Is SIFT a matching approach to replace ZNCC and NCC or SIFT just provides input to NCC, in other words SIFT is proposed to be used as an alternative to Harris corner detection algorithm?
SIFT is actually a detection, description, and matching pipeline which is proposed by David Lowe. The reason for its popularity is that it works quite well out of the box.
The detection step of SIFT (which points in the image are interesting), comparable to the Harris corner detector that you mentioned, consists of a Difference of Gaussians detector. This detector is a center surround filter and is applied to a scale space pyramid (also applied in things like pyramidal LK tracking) to detect a maximal scale space response.
The description step (what distinguishes this region) then builds histograms of gradients in rectangular bins with several scales centered around the maximal response scale. This is meant as more descriptive and robust to illumination changes etc. than things like raw pixel values, color histograms, etc. There is also a normalization of dominant orientation to get in-plane rotational invariance.
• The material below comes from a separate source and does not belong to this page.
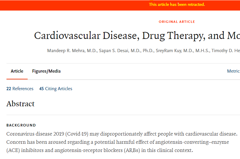 La segunda historia, también de beneficio, es sobre un artículo publicado el 1º de mayo en la prestigiosa revista New England Journal of Medicine donde se describe un aparente efecto beneficioso de los inhibidores de la ECA en COVID-19 y ningún efecto perjudicial de los bloqueadores de los receptores de angiotensina (ARA). Hay que hacer notar que hasta entonces circulaba la idea de que estos fármacos podrían ser perjudiciales por afectar a la enzima conversora de angiotensina que el virus utilizaba para ejercer su acción. Estas conclusiones, eran por tanto una buena noticia. El estudio se basaba en un registro obtenido de datos se habían reunido en una base de datos clínica internacional Surgical Outcomes Collaborative (Surgisphere)

The matching step (for a given descriptor/patch, which out of a pile of descriptors/patches is closest) for SIFT consist of a nearest distance ratio metric which tests for the ratio of distances between the closest match and second closest match. The idea is that if the ratio is low, then the first is much better than the second, thus you should make the match. Else, first and second is about equal and you should reject the match as noise, etc. can easily generate a false match in this scenario. This works better than Euclidean distance in practice. Though for large databases, you'll need vector quantization etc. to keep this working accurately and efficiently.
Overall, I'd argue that the SIFT descriptor/match is a much better/robust approach than NCC/ZNCC though you do pay for it in computational load.